Every line that contains the word "with" should be copied from the records below.

● **Supplied material**
+ + +
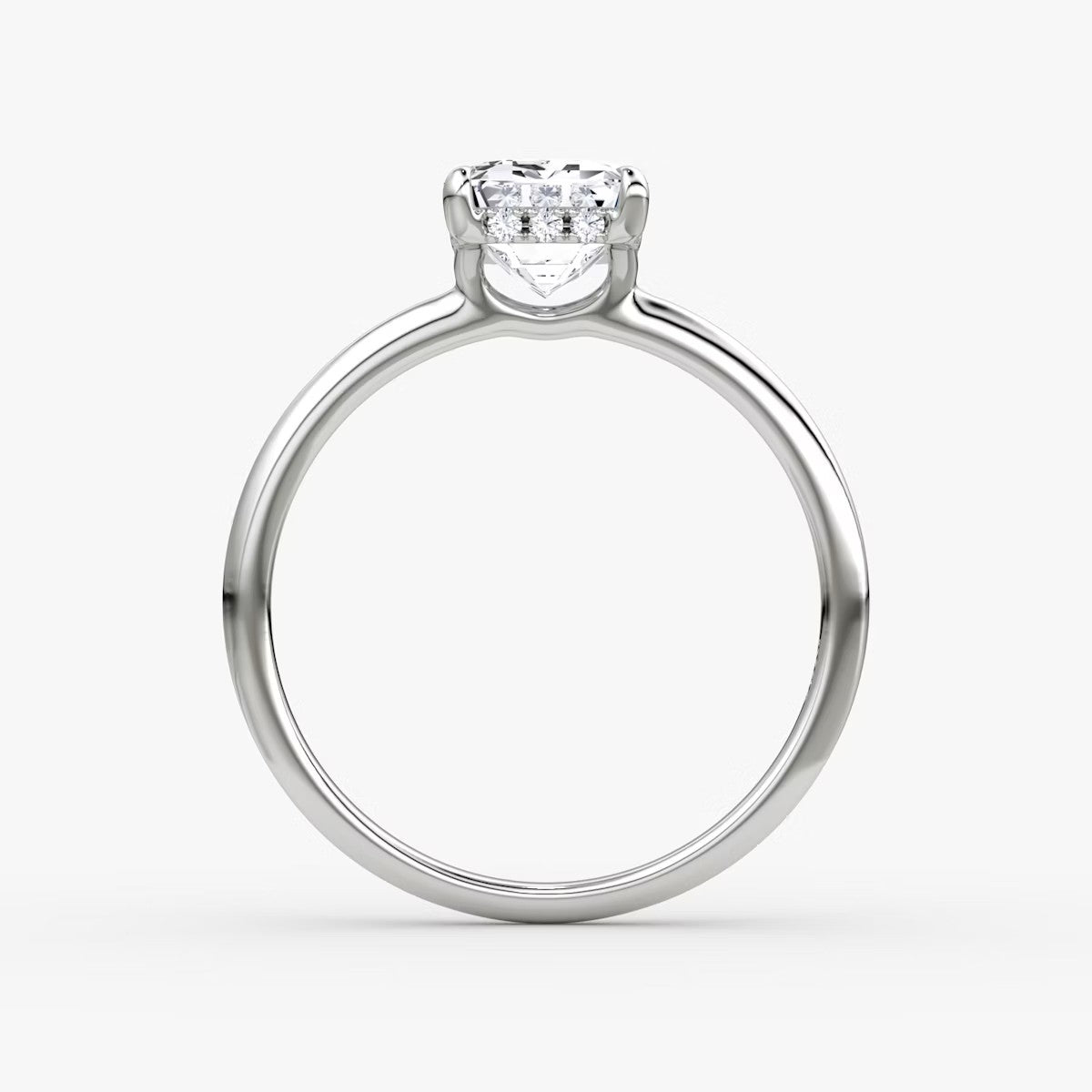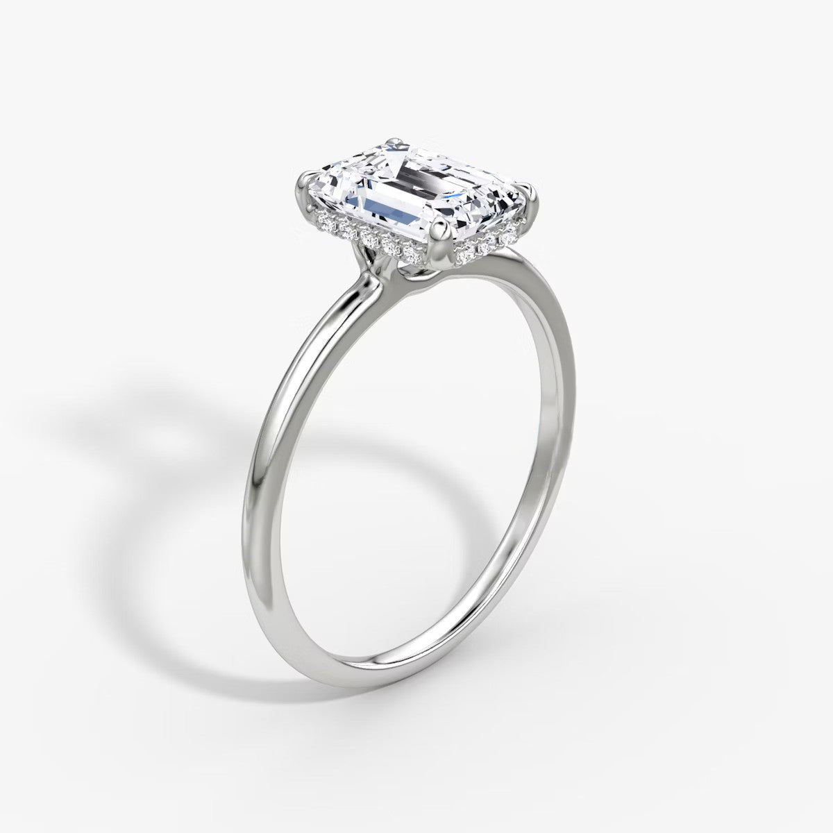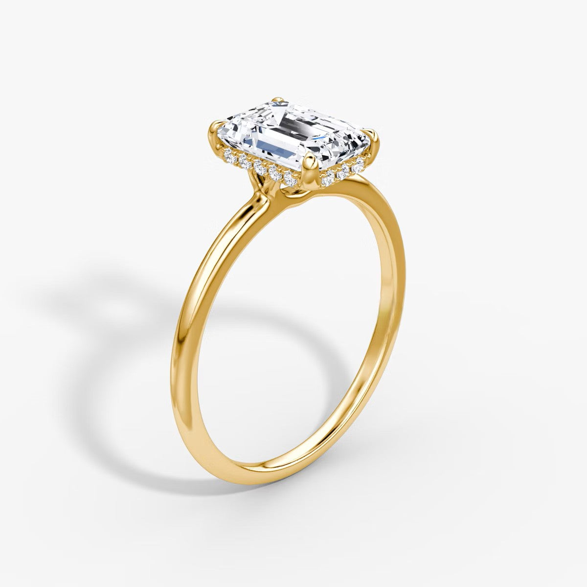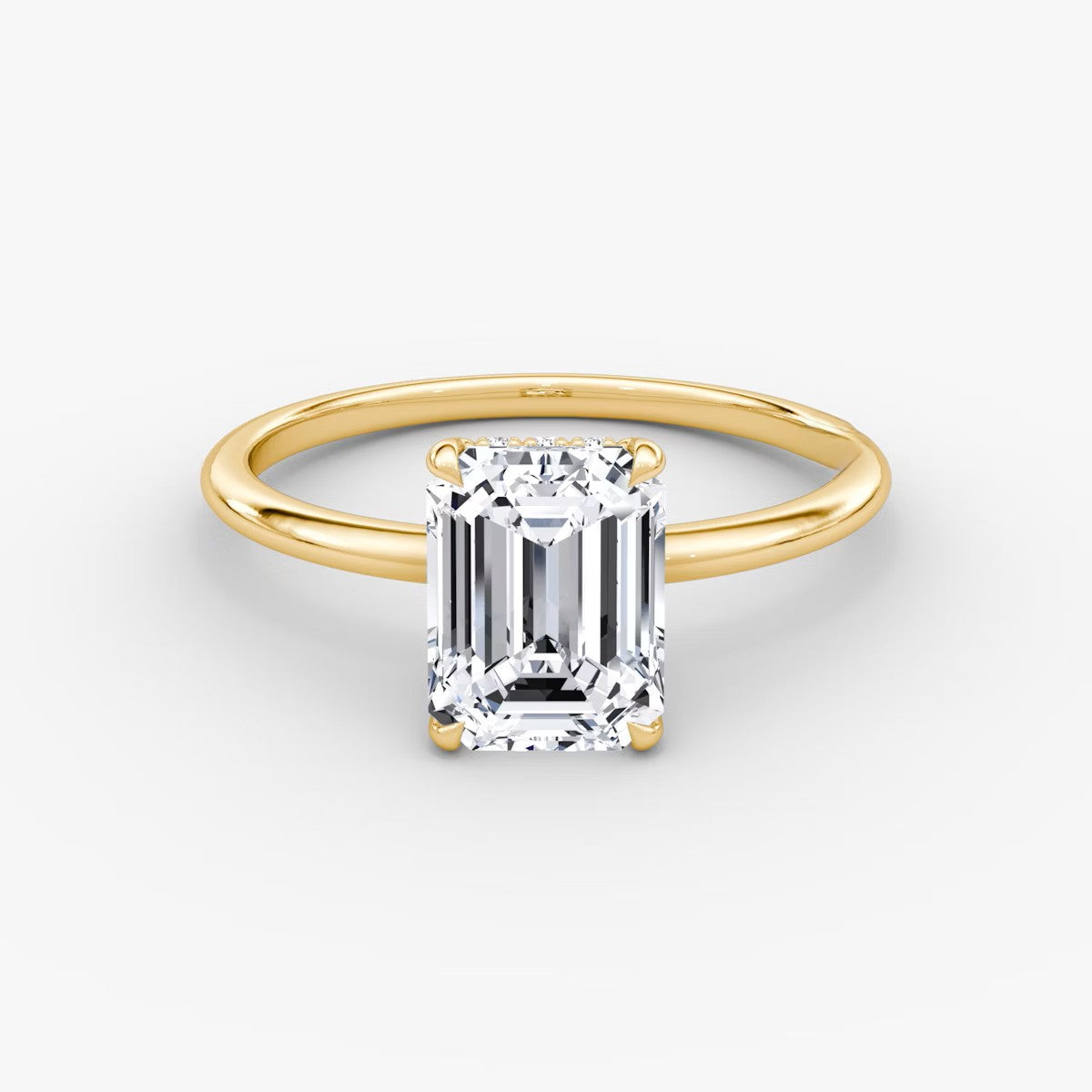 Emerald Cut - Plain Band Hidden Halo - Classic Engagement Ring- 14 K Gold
+ + +
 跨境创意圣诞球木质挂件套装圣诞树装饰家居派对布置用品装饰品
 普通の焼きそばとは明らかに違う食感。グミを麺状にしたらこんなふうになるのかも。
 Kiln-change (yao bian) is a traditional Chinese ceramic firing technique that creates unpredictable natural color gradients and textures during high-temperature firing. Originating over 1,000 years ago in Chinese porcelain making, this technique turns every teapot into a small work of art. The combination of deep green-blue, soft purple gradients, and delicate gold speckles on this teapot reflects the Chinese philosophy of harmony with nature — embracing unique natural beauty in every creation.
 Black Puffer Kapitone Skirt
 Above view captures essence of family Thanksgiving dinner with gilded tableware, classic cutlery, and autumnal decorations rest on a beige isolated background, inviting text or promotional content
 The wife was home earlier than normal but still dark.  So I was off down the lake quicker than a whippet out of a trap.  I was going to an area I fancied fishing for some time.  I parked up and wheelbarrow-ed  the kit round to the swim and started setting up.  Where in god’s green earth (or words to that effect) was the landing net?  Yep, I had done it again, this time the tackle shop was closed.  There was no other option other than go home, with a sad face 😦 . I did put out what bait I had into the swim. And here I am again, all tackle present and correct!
+ + +
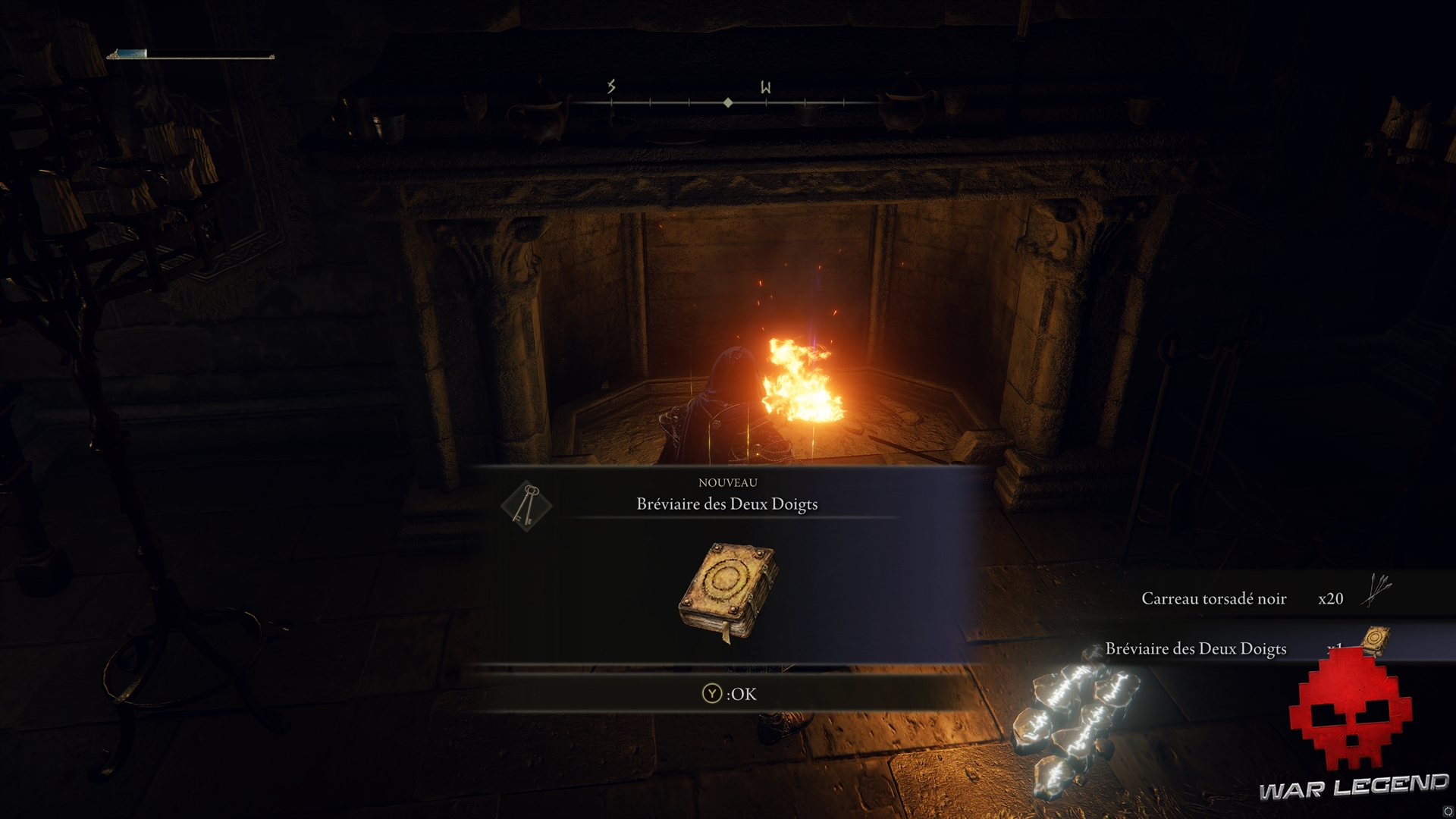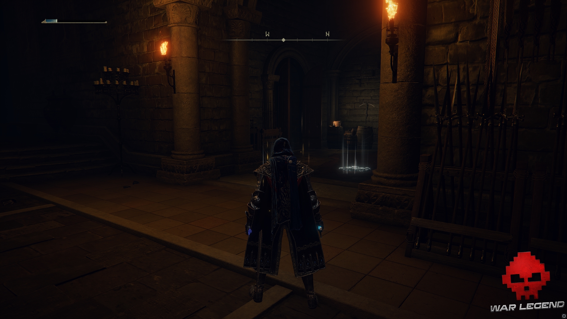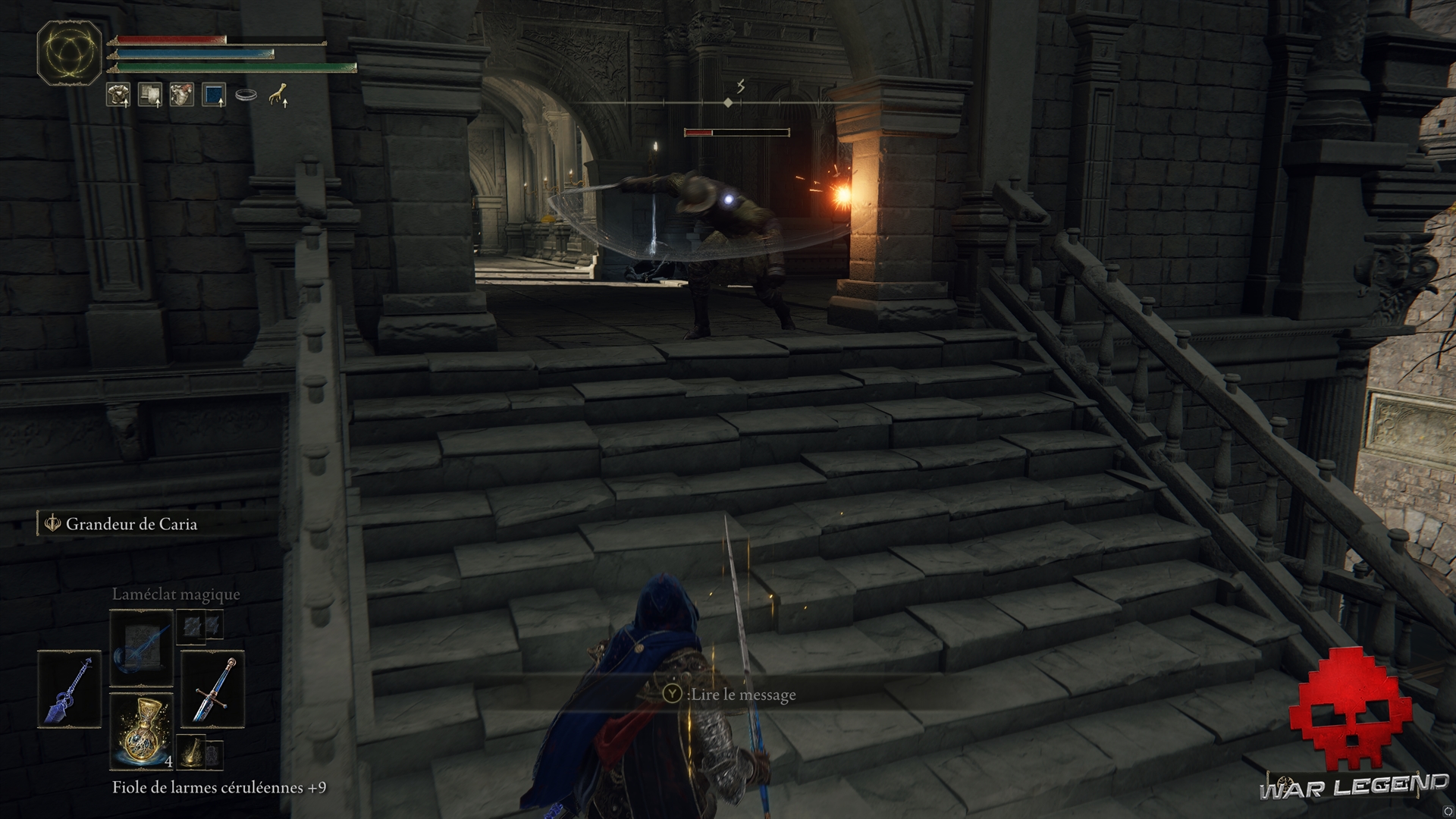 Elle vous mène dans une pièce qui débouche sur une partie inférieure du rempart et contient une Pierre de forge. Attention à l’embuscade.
+ + +
● **Result of this task**
 Kiln-change (yao bian) is a traditional Chinese ceramic firing technique that creates unpredictable natural color gradients and textures during high-temperature firing. Originating over 1,000 years ago in Chinese porcelain making, this technique turns every teapot into a small work of art. The combination of deep green-blue, soft purple gradients, and delicate gold speckles on this teapot reflects the Chinese philosophy of harmony with nature — embracing unique natural beauty in every creation.
 Above view captures essence of family Thanksgiving dinner with gilded tableware, classic cutlery, and autumnal decorations rest on a beige isolated background, inviting text or promotional content
 The wife was home earlier than normal but still dark.  So I was off down the lake quicker than a whippet out of a trap.  I was going to an area I fancied fishing for some time.  I parked up and wheelbarrow-ed  the kit round to the swim and started setting up.  Where in god’s green earth (or words to that effect) was the landing net?  Yep, I had done it again, this time the tackle shop was closed.  There was no other option other than go home, with a sad face 😦 . I did put out what bait I had into the swim. And here I am again, all tackle present and correct!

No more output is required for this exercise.